There is no right way to store FHIR®

Nick Hatt
fhirbase dojo
Published in
3 min readOct 16, 2018

--

If you’re wondering how to design a persistence layer behind HL7 FHIR®, you may get wildly different opinionated answers. This post outlines some things I consider first principles, things that will always be true that can help put your mind at ease so you can developer the next killer digital health product.

Principle #1 Don’t Panic

First, don’t panic. Some of the world’s largest FHIR® deployments are running MUMPS. Literally any choice you make about data storage can be made to both work and scale. If that was all you were worried about, go build something cool.

FHIR® - like any other standard, is a one-size-fits-most solution. Data storage is always a one-size-fits-you solution. The problem is you don’t know anything about your product when first starting. Projects like HAPI FHIR use an ORM, so you don’t ever have to worry about the database if you don’t want to. Real problems arise with scale. Most modern databases are blazingly fast, and can tolerate some poor design up to many millions of rows/documents/whatevers.

Principle #2 Make the data close to the database primitives

FHIR® has design features that do not scale well under certain conditions. A perfect example of this is Extensions. Extensions mean that FHIR® may be extended nearly infinitely beyond the base spec. From a data model perspective — they follow an Entity-Attribute-Value (EAV) patten.
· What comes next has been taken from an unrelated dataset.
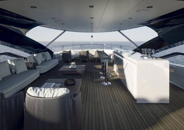 Exterior living has been reimagined with vast, customisable spaces. From the sweeping aft cockpit and upper deck to the flybridge, owners may choose to incorporate indulgent features such as a spa tub or a second helm. The aft lower deck delivers an extraordinary connection to the sea, where extended seating areas and an expansive bathing platform form a luxurious waterside retreat.

This is a considered an anti-pattern for relational databases, and it’s easy to see why with a quick FHIR® example.

Patient does not include fields like race, ethnicity, or nationality for reasons explained in the Patient resource documentation. How would you go about designing a table to hold extensions? Do you have one table for all extensions across all resources? Do you make an extensions table for each resource? Do you store extensions in the Patient table, as something like a jsonb datatype is Postgres? Do you just pluck out the extensions you care about and turn them into columns? Aidbox/Health Samurai have a great idea that makes sense for both Postgres and general that they call first-class extensions. Essentially they add a “race” property to Patient.

As you can imagine, each of those approaches have tradeoffs. For example, here is a a great writeup of jsonb and the associated tradeoffs. Naturally, these tradeoffs will change as the number of rows in your database grows.

Principle #3 Database logic is application logic

Inherent in every SQL statement, every MongoDB query, and every Redis command is some level of logic. Every application development team must ask the question:

How much of our business logic should be maintained in the database?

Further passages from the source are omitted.